Per-file MD with frontmatter (option B × option 4 with the option-3 agent compatibility). The format change clears the way for the per-file grouping (which is the bigger UX win), and the per-file shape is what makes the trust boundary self-documenting on disk.

The dependency cost (PyYAML) is the main thing that needs an explicit yes from the user — bot-bottle today has zero third-party Python deps for production code, and adopting one crosses a clean architectural line. If "low deps" stays a hard constraint, the alternative is to hand-parse the frontmatter block and feed it to a minimal YAML subset parser (the keys bot-bottle uses are all flat string/list/dict — no anchors, no multi-line block scalars, no implicit type coercion).

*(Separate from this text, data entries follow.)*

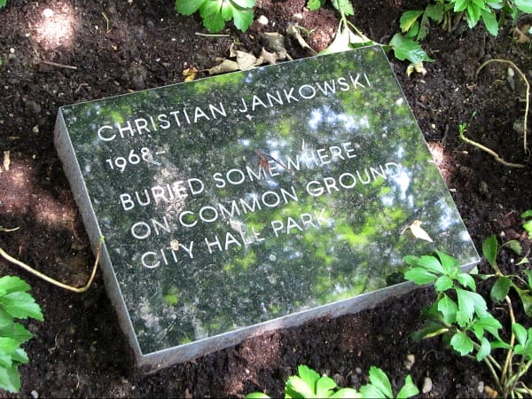 Common Ground at City Hall Park, the newest exhibit from the Public Art Fund, has artists realizing public monuments as acts of memorial and common experience, as well as shared moments of public art whimsy. Contributing sculptures, installations and performances are Elmgreen & Dragset, Ian Hamilton Finlay, Roger Hiorns, Jenny Holzer, Matthew Day Jackson, Christian Jankowski, Justin Matherly, Paul McCarthy, Amalia Pica and Thomas Schütte.
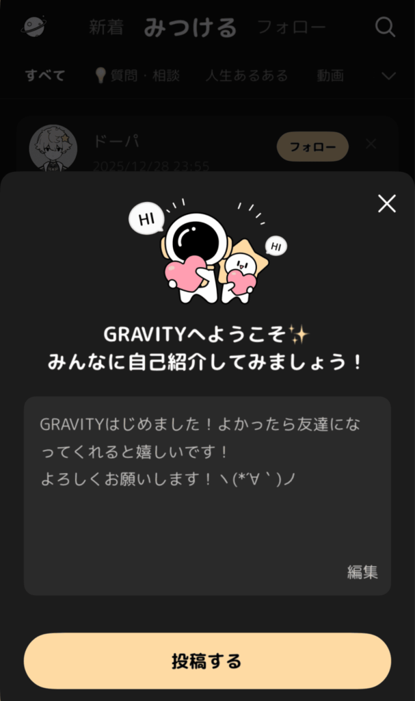 | アプリ名 | GRAVITY(グラビティ)やさしいSNS-暇つぶしチャット |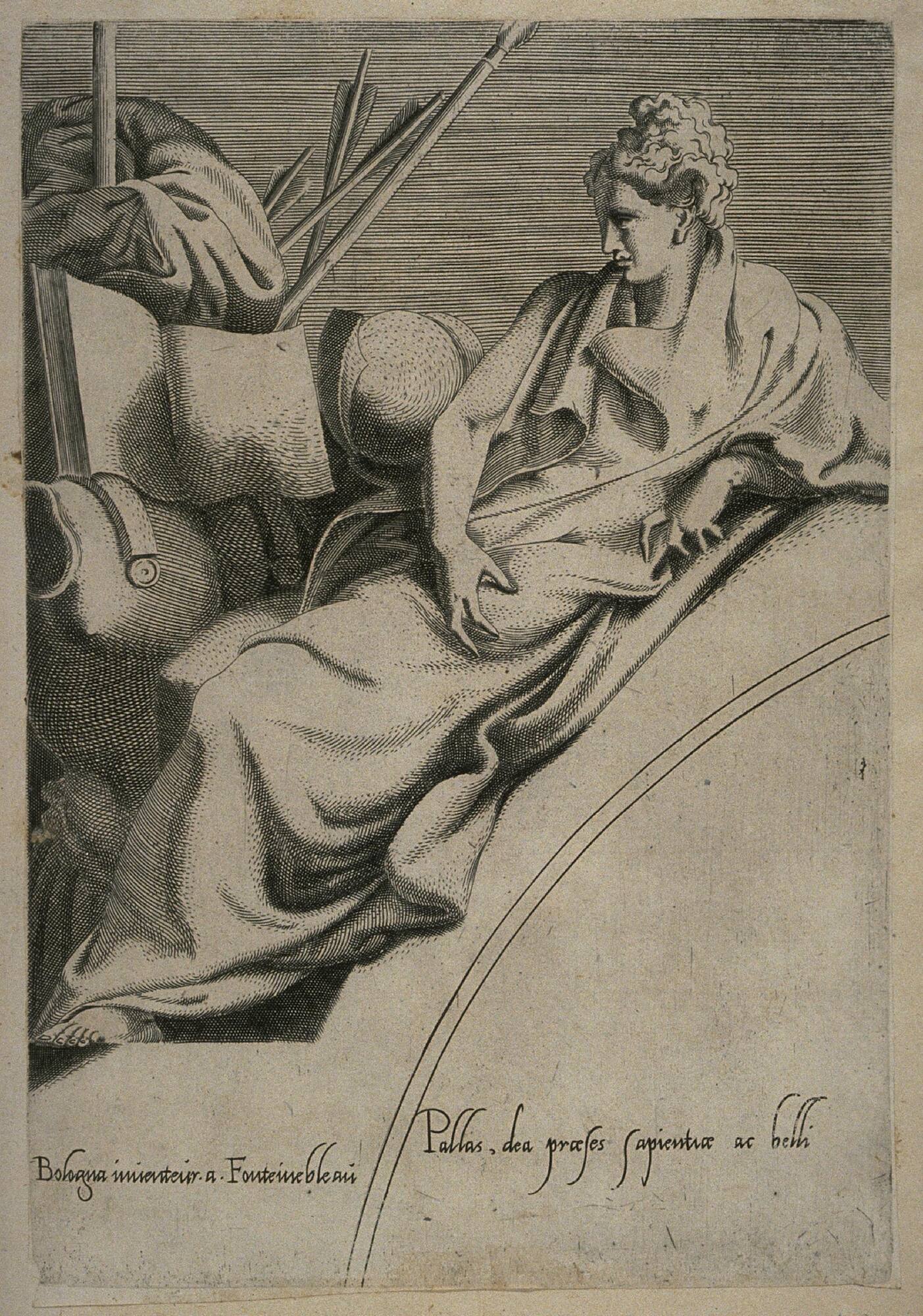 Part of a series of twelve prints depicting the nine muses and the three major female Olympian goddesses, these designs were probably intended for the decoration of the royal bath chambers; it is likely that this series of pictures of reclining women, some quite scantily clad, were considered appropriate for the sensuous atmosphere of the baths.The royal bath chambers also housed François’s great collection of art by all the great Italian masters-Leonardo, Raphael, Michelangelo, Titian-including the Mona Lisa herself. It was only in the early seventeenth century, when many great works had already deteriorated beyond recognition, that François’s collection was moved to more suitable housing in the Louvre, where it formed the core of one of the greatest museum collections in the world.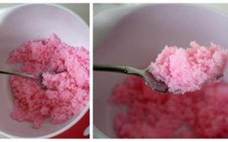 1. Высыпать в миску сахар, добавить воды и пищевой краситель. Все смешать в однородную массу. Не переборщите с водой, чтобы сахарный песок не стал растворяться. В итоге должна получиться влажная сахарная масса розового цвета (или любого другого по вашему желанию).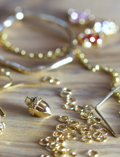 All of the findings I use in my jewellery are gold plated on a range of base metals. Most of my charms are also gold plated brass, sometimes with enamel and/or a protective coating on the gold. At my stall I have information about the materials of my charms and findings.
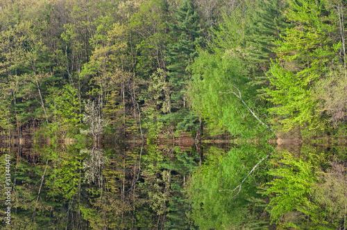 © Dean Pennala, Obraz premium Spring landscape of the shoreline of Hall Lake with mirrored reflections in calm water, Yankee Springs State Park, Michigan, USA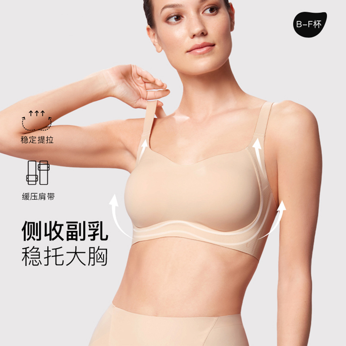 【提托侧收大胸显小】收副乳大杯背勾文胸聚拢提拉内衣女无钢圈 820864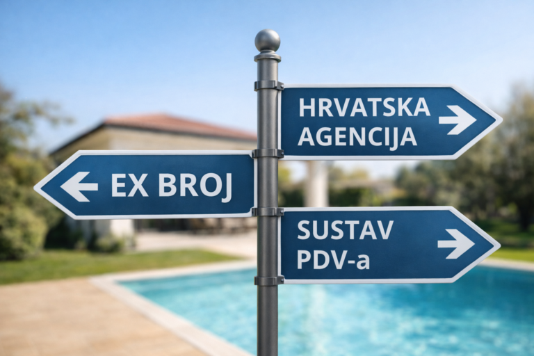 Pregled poreznih opcija za nerezidente koji iznajmljuju u Hrvatskoj, EX broj, rad preko hrvatske agencije ili ulazak u sustav PDV-a, uz objašnjenje kada se PDV plaća, a kada ne.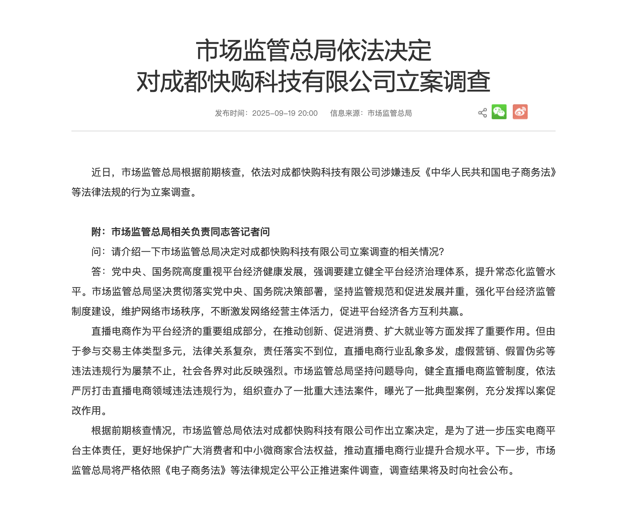 市场监管总局表示,此次立案旨在进一步压实电商平台主体责任,切实保护广大消费者和中小微商家的合法权益,推动直播电商行业提升合规水平。下一步,案件调查将严格依照《电子商务法》等法律规定公平推进,调查结果将及时向社会公布。

If we don't want to commit to the move yet, the next-cheapest option is keeping JSON but splitting into per-file (option B × option 1): $HOME/.bot-bottle/bottles/<name>.json + $HOME/.bot-bottle/agents/<name>.json. Most of the scaling wins; none of the body-prose or dependency story.

Open questions

  • Does Claude Code object to extra frontmatter fields? Test: drop a file with bottle: in ~/.claude/agents/ and see if CC warns / ignores / breaks. If it warns, we'd want a different field name (e.g. bot-bottle-bottle) or a namespaced block.
  • Migration story. Is the project willing to ship a one-shot ./cli.py migrate-manifest command that does the JSON → MD conversion? Or do users just rewrite by hand from the new docs?
  • Bottle file body content. If most bottle .md files have an empty body, is the MD-with-frontmatter format still warranted? An alternative is YAML for bottles only (no body, but with comments) and MD+frontmatter for agents.
  • Dotfiles vs not. $HOME/.bot-bottle/ or $HOME/bot-bottle/? The hidden dotfile shape matches dev conventions (.config/, .ssh/); the visible shape signals "this is a real thing you own."
  • PyYAML hard dep, or minimal subset parser? Trade-off between "honest about the dependency" and "stay stdlib-only."